Marie-Louise Paris (20 October 1889–28 April 1969), known as Mademoiselle Paris was a French engineer who founded the Institut électro-mécanique féminin (the Women's Electro-mechanical Institute) in 1925, which became the École Polytechnique Féminine (Women's Polytechnic) and is now the EPF School of Engineering. In 2026 she was named as one of the 72 women to have their names engraved on the Eiffel Tower.

==Biography==
Marie-Louise Paris was born in Besançon in 20 October 1889 as the oldest of a family of six children. Although her father died while she was young she managed to complete a bachelor's degree in science at the Sorbonne in Paris. She followed her sister Hélène there and graduated as an engineer in 1921 from the School of Mechanics and Electricity. They both then graduated in 1922 from the Grenoble Institute of Technology under the supervision of Louis Barbillion.

Hélène Paris married and remained in Grenoble but Marie-Louise Paris returned to the city of Paris where she spent time working on the installation of the signaling service for Laon station. Paris associated with people from the colleges, engineers and scientists such as Gabriel Koenigs, the professor at the faculty of sciences in Paris, Paul Langevin, the director of the l'École centrale, Léon Guillet, Léon Eyrolles, director of the School of Public Works, Paul Appell, rector of the l'Académie de Paris, and Edouard Branly. With their association and support, Marie-Louise Paris was able to legitimise the creation of a tertiary level college reserved for women.

==Founding a school==
Based on her own experiences in Grenoble, where there were only four women in a class of 605 students, Paris set about developing a college for women. In 1925, she arranged for the amphitheater of the Conservatoire national des arts et métiers (CNAM) to be used to house the l'Institut électro-mécanique féminin (Women's Electro-Mechanical Institute). The Institute opened to students on 4 November 1925. Initially, Paris and two teachers provided all the teaching in the school.
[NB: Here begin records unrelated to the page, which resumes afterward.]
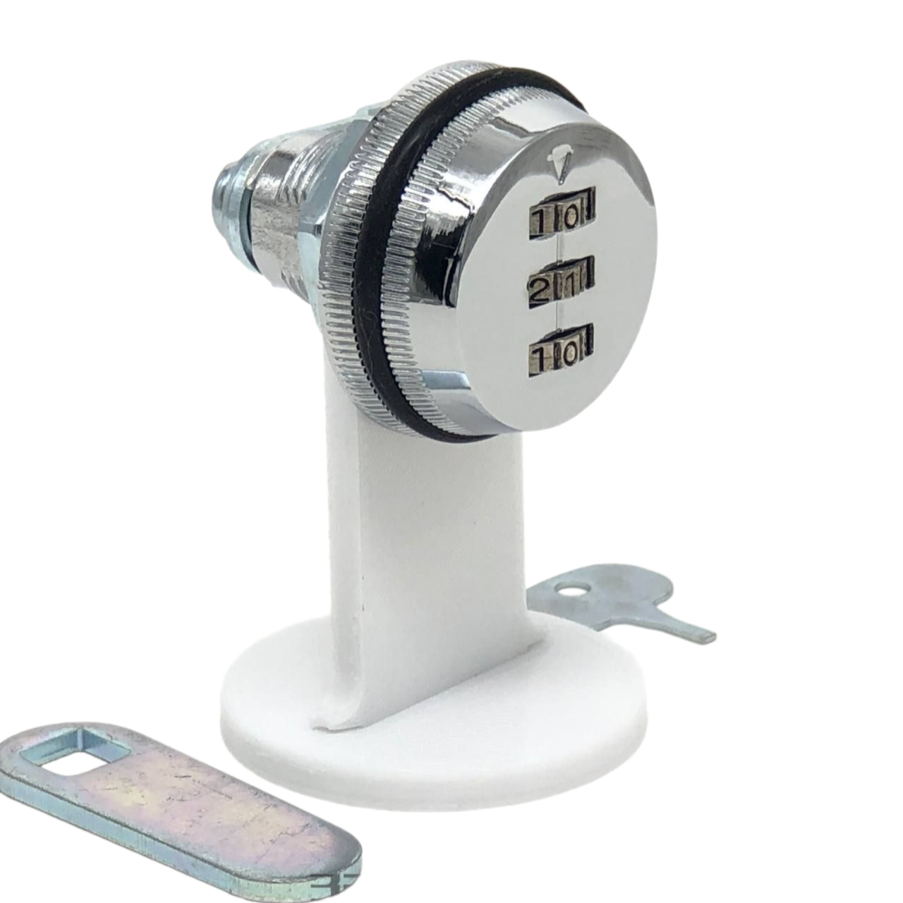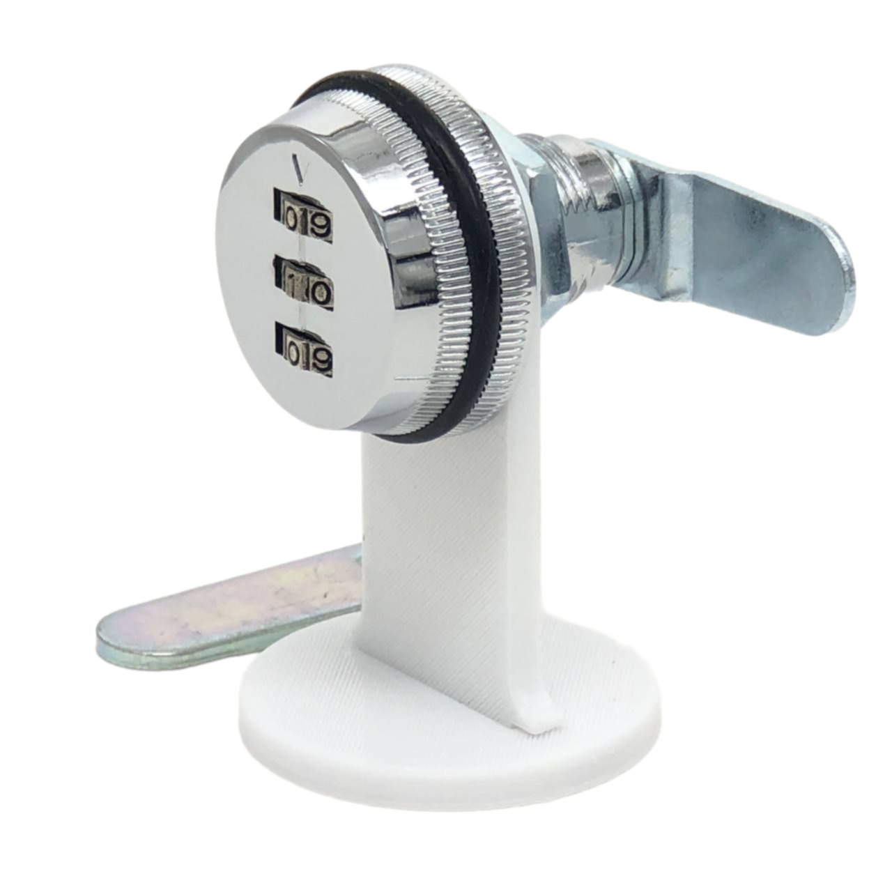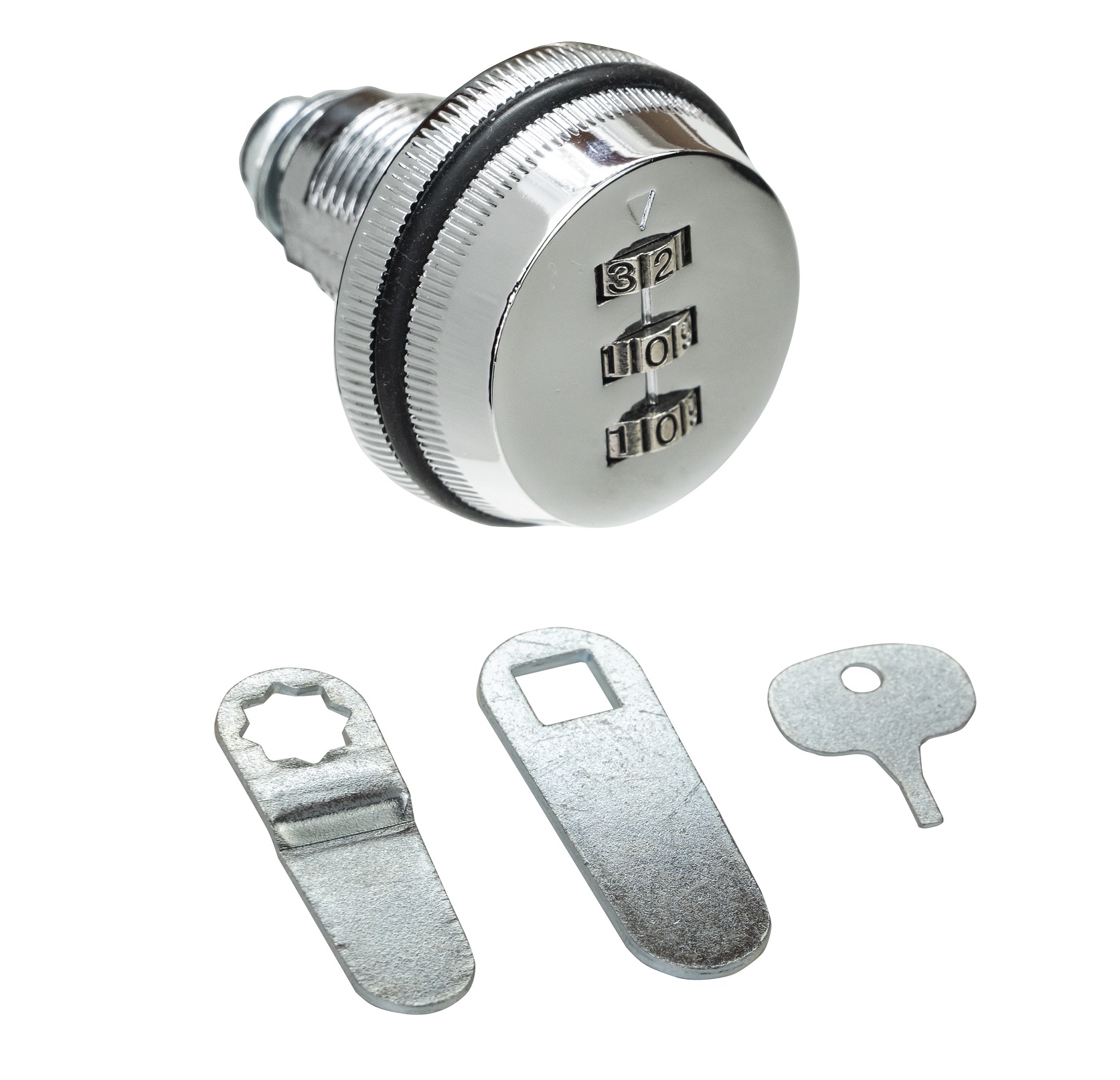 Замок мебельный кодовый почтовый 090 C цвет хром в блистерной индивидуальной упаковке. Код состоит из 3-х пронумерованных дисков, каждый диск имеет нумерацию от 0 до 9, что позволяет замку иметь 1000 комбинаций. Код устанавливается индивидуально владельцем. Смена пароля осуществляется так же самостоятельно. Функция восстановления забытого пароля отсутствует. На замке установлен заводской пароль «000». Способ установки нового кода ручку замка необходимо установить в положение «открыто». С боку на ручке маленькое круглое отверстие. Вставьте в него тонкую отвертку на 2 мм, и надавите с небольшим усилием, удерживая отвертку в этом положении, одновременно, покрутите диски и установите свой код. Отпустите отвертку. Новый код установлен.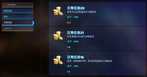 “使用一个刺杀型/战斗型/辅助型/专业型英雄在任意模式完成两局游戏”现在变成“使用一个刺杀型/战斗型/辅助型/专业型英雄在任意模式完成三局游戏”。完成成该任务的奖励从200金币增加到300金币。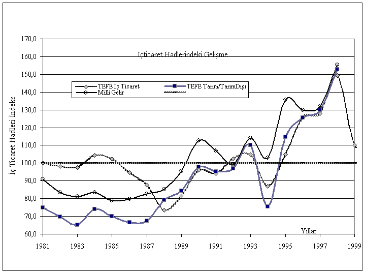 Buradan, imalat sanayi ve TEFE genel endeksine göre hesaplanan iç ticaret hadlerinin birkaç yıl dışında, tarım aleyhine sanayi lehine geliştiğini görmekteyiz. Ayrıca, lehine değiştiğinde düşük, aleyhine değiştiğinde ise yüksek oranda tarım aleyhine değişme olması dikkat çekicidir. Bunun yanında, trend denklemleri, imalat sanayi fiyat endeksine göre hesaplanan iç ticaret hadlerinin, genel endekse oranla daha büyük oranda tarım aleyhine geliştiği görülmektedir. Dolayısıyla, bu veriler, tarımdan sanayie aktarılan kaynağın, diğer sektörlere oranla daha fazla olduğunu ortaya koymaktadır[30].

Gabriel Koenigs taught technical drawing and mechanics. Marie-Louise Paris was invited to the 7th Congress of Industrial Chemistry to discuss women's access to industrial careers as a result of her innovations.

In 1933, Paris changed the name of the school to the École Polytechnique Féminine (Women's Polytechnic College) and the length of the course was extended from two to three years. In the following years, the school left the CNAM and was based in the lycees of La Fontaine, Jules-Ferry and Janson de Sailly until 1956 when Paris bought a building for the school in Sceaux. She lived on site. Paris designated pilots Hélène Boucher and Maryse Bastié were patrons of the school and later pilot and aircraft designer Henri Farman became a sponsor.

== Personal life ==
Paris learned to fly in a Caudron at Guyancourt aerodrome. She designed a prototype private plane which she displayed at an aviation show in 1936. She died of diabetes in her home at the school on 28 April 1969.

==Legacy==
One of the buildings of the current EPF School of Engineering bears her name and there is a statue of her on the school campus. In Grenoble, a tram station which was renamed Marie-Louise Paris on 2 September 2019.

In 2026, Marie-Louise Paris was announced as one of 72 historical women in STEM whose names were proposed to be added to the 72 men already celebrated on the Eiffel Tower. The plan was conceived by a student and tour guide named Bernard Rigaud and the list was announced by the Mayor of Paris, Anne Hidalgo following the recommendations of a committee led by Isabelle Vauglin of Femmes et Sciences and Jean-François Martins, representing the operating company which runs the Eiffel Tower.